Previous studies have shown that Magnetic Resonance Cholangiopancreatography (MRCP) has a sensitivity of up to 96% in the diagnosis of choledochal cysts [10]; however, its reported sensitivity in detecting aberrant pancreaticobiliary junctions has been as low as 53% [11]. In this case, the initial implementation of MRCP suggested that the descending duodenal diverticula caused a partial obstruction and the dilation of the common bile duct. Later, EUS suggested that the biliary dilatation had compressed the pancreatic duct and caused dilation; then, the choledochal had herniated into the duodenum. After discussion with the radiologist, we concluded that the diagnosis obtained by EUS was indeed correct. This shows that when the structure of the biliary disease is confusing, EUS can play a very important role as an auxiliary diagnostic test; because the operator can dynamically and continuously observe the shape of the bile duct and can determine whether the cyst is connected to the CBD during the EUS examination.

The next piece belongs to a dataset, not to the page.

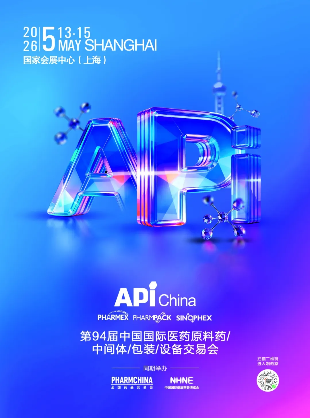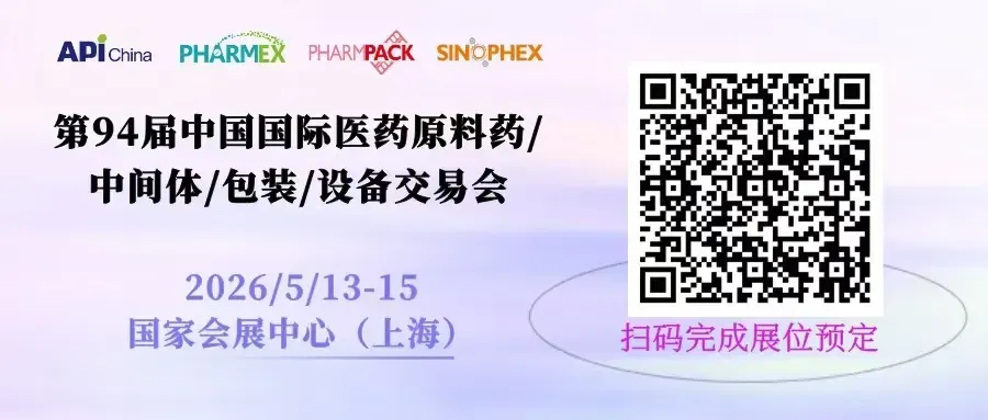 第94届中国国际医药原料药/中间体/包装/设备交易会(API China)将与PHARMCHINA(全国药品交会)、NHNE(中国国际健康营养博览会)于2026年5月13-15日在国家会展中心(上海)同期同地重磅举办。
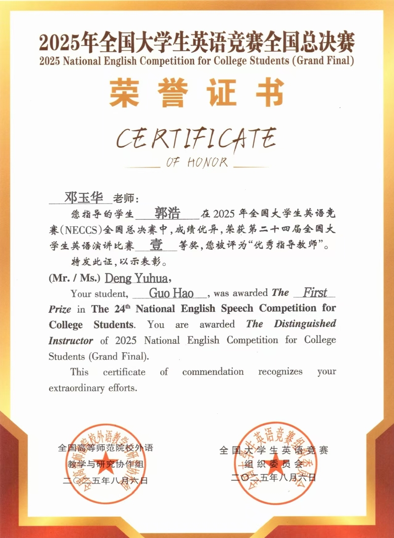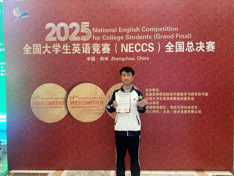 近日,2025年全国大学生英语竞赛(NECCS)全国总决赛在河南郑州举行。全国共有来自30个省、自治区、直辖市的194所高校共计323名选手参加了本次总决赛。经过激烈角逐,我校郭浩同学荣获全国大学生英语演讲比赛一等奖、入选全国大学生英语夏令营主持人、全国大学生英语夏令营优秀学员,指导老师邓玉华荣获“优秀指导教师”。

Complete surgical excision is the optimal treatment for biliary dilatation. Roux‑en‑Y hepaticojejunostomy and hepatoduodenal anastomosis are the conventional extrahepatic biliary reconstruction methods, among which the most commonly used anastomosis is Roux‑en‑Y hepaticojejunostomy [1, 2, 12]. In this case, because the opening of the pancreatic duct was located in the dilated bile duct, the dilated cyst was not completely removed during the operation, and a purse-string suture was placed on the residual cyst. Therefore, close follow-up after the operation was required to determine if the unresected remnant was cancerous. However, assuming that the bile duct of the pancreatic segment has been completely removed, the bile duct would then have been stripped from the pancreatic parenchyma, and the incidence of postoperative pancreatic leakage would significantly increase. Fortunately, the patient had no postoperative complications during the nearly 2-year follow-up.

In short, for the diagnosis and management of patients with biliary dilatation, a comprehensive and accurate preoperative evaluation should be carried out. According to the patient's condition, a safe and appropriate surgical plan should be selected to avoid complications as much as possible. In addition, patients need to be followed up for a long time.